Around 6,000 Israeli immigrant visas were issued in September and October, said Alexander Libin, the embassy official, up from an average of a little more than 4,000 a month during the summer months.

The number of visas issued is an indicator of immigration trends, because prospective immigrants usually arrive in Israel three or four months after getting the visa.

Libin attributed the increase to regional political instability in the non- Slavic areas of the former union, such as Tajikistan, Georgia and the Ossetia region of the northern Caucasus in Russia.

In Tajikistan, for example, several hundred Jews have left in recent weeks by direct flights to Israel to escape clan warfare there.

At the same time, said Libin, “people in Russia itself are less hopeful about the future” in light of continued inflation and economic uncertainty.

Added uncertainty surrounds the fate of economic reform, which may be slowed or stopped altogether by conservative forces in the Russian parliament, whose Congress of People’s Deputies is set to meet next month in Moscow.

“Other factors are also at work,” said Libin. “The process of privatizing apartments has been proceeding in a number of Russian cities, and that can play a role in peoples’ decisions to emigrate,” he said.

Once privatized, apartments can be sold to raise money for immigration to Israel.

In the larger cities in the European part of the former union, such as Moscow, St. Petersburg and Kiev, apartments are commonly sold for U.S. dollars. A two- or three-room apartment in central Moscow can fetch between $35,000 and $50,000, while apartments in peripheral locations may be sold for $15,000 to $20,000.

Sellers bound for Israel frequently request that the purchase price be paid to trusted relatives or friends already in Israel, so that Russian restrictions on the export of currency are avoided.

“We’ve also opened a number of new consulates around the union, so it’s easier to get an Israeli visa,” said Libin, citing another factor in the emigration surge.

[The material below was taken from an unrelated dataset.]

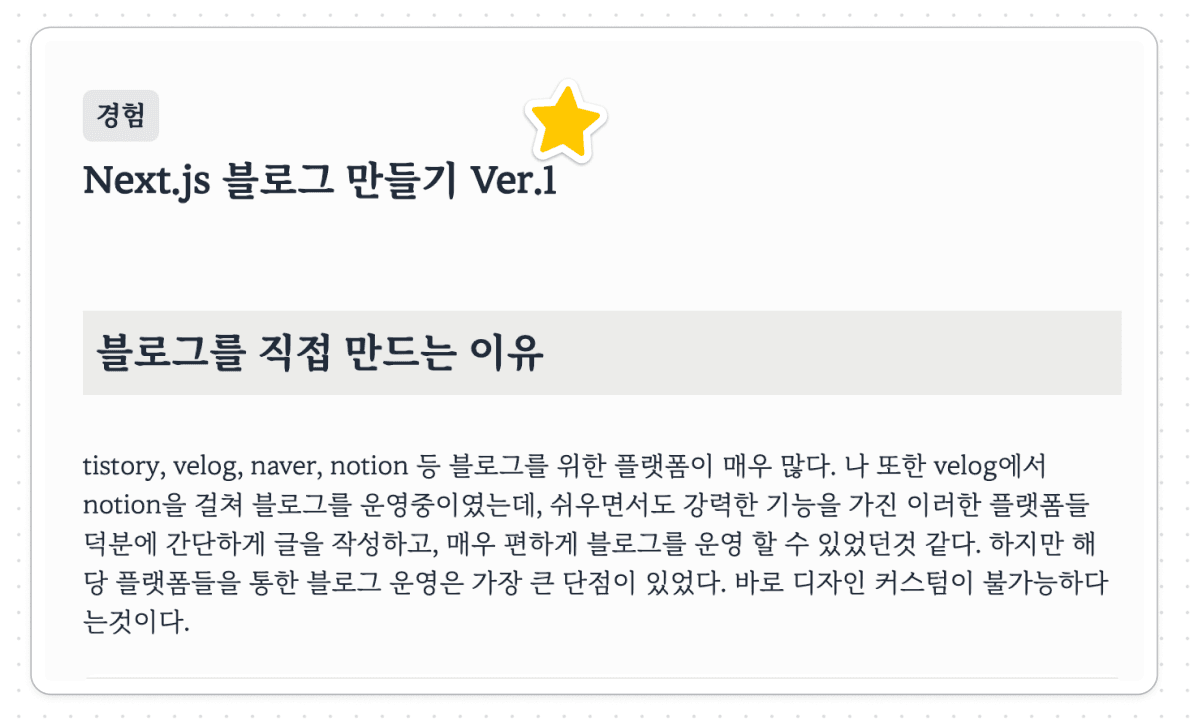 노션 페이지처럼 글 상세페이지 상단에 PostHeader를 추가해서, 글 제목, 글 태그를 보여준다면 글을 읽는 독자에게 더 상세한 글 정보를 제공해줄 수 있을것이다.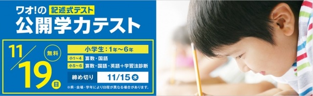 学習塾「能開センター」や「個別指導Axis(アクシス)」を運営する株式会社ワオ・コーポレーションは、2017年9月19日(火)より、「ワオ!の小学生公開学力テスト」<2017年11月19日(日)開催>の受付を開始しました。対象は小学1~6年生、申し込みは2017年11月15日(水)まで公式サイトで受付中です。

Prospective immigrants in places like Tashkent, the capital of Uzbekistan, and Kiev, the Ukrainian capital, no longer need to travel to Moscow to apply for a visa because there are now Israeli consulates in those cities.

Travel inside the former union has become extremely expensive by local standards and uncertain because of shortages of airplane fuel and parts. A round-trip ticket from Tashkent to Moscow, for example, costs 6,000 rubles ($15), about the average monthly wage here.

Despite the increase, immigration levels are still far below those of 1990 and the first half of 1991. The main influence on immigration, Libin said, is still concern over finding jobs and housing in Israel.